In this article, we’ll explain how you should buy Bitcoin if you’re a Millennial.
The cryptocurrency exchange Coinbase is increasing in popularity among Millennials. Coinbase has approximately 20 million users valuing at roughly $20 billion. This is far less than the 7.6 trillion of assets Fidelity manages based off the same accounts. In other words, many accounts being opened at Coinbase are for less than $1,000. This includes many accounts that Millennials own.
Don’t Buy Bitcoins with Private Funds
Many investors believe that Coinbase is among the friendliest options for newbies to buy crypto. It currently offers buying and selling of Bitcoin, ether, Litecoin and bitcoin cash. Many millennials would use personal funds with a debit or credit to make cryptocurrency purchases.

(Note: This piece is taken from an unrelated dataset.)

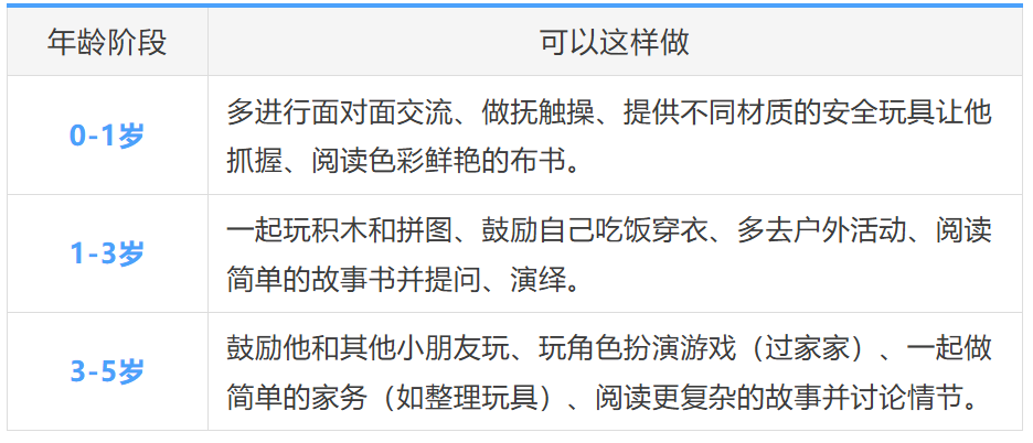 ►养育重点:在爱和安全的基础上,加入更多游戏、学习和社交刺激。
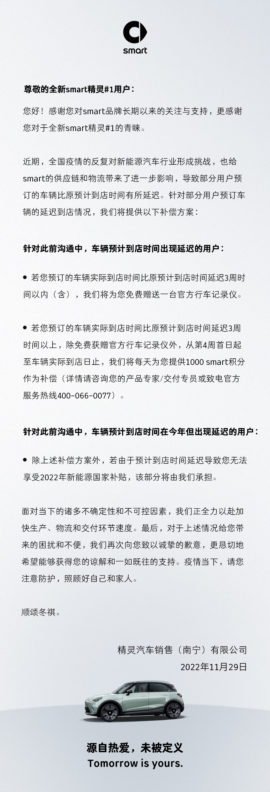 11月29日晚间,smart中国官博发布smart精灵#1交付相关声明,称因供应链和物流影响,导致部分用户预订的车辆比原预计到店时间有所延迟,公司将提供相应补偿。

Purchasing bitcoins via credit and debit cards is popular and convenient. However, convenience comes with a price. Most cryptocurrency exchanges will change around charge around 4% for card purchases. Additionally, gains on the sale of cryptocurrencies using a debit or credit card are subject to tax.
The IRS Stance on all Digital Currency
Many retirement account investors consider Bitcoin “cryptocurrency”, but the IRS doesn’t consider it as a “currency.” In March of 2014, the IRS came out with a notice that revealed its stance of digital currency.
The notice states that bitcoin and other cryptocurrency will be viewed as a capital asset for U.S. federal tax purposes. The same tax principles that apply to property will also apply to digital currency. Because it’s seen as a capital asset, it will be subject to ordinary income tax rates if the asset is held in an account longer than 12 months. To the IRS, currency is property.
It’s important for millennials who want to buy Bitcoin to know the current IRS stance. However, there is a way around this.
How Millennials Should Buy Bitcoin
Instead of using a debit or credit card, a Millennial should buy Bitcoin using a Self-Directed Roth IRA. As a result, you will not be subject to tax on any gains. Imagine if a Millennial were to buy bitcoin in 2017 with a Self-Directed IRA. That Millennial investor would be able to shelter most of the $1,300 of built-in gains with a Self-Directed Roth IRA.
2018 Roth IRA
In 2018 the Roth IRA contribution limit is $5,500 or $6,500 if over the age of 50. With a Roth IRA, contributions are after-tax. However, if you have the Roth IRA open for over five years and you’re over the age of 59 1/2, all distributions are tax-free. Again, this is only in the case of a Roth. With a Self-Directed IRA, gains will be tax-deferred.
Millennials should buy Bitcoin with the Self-Directed Roth IRA because it’s the most popular way you can use retirement funds to buy cryptocurrency. The primary advantage is that all income and gains with the Self-Directed IRA investment grow tax-deferred or tax-free.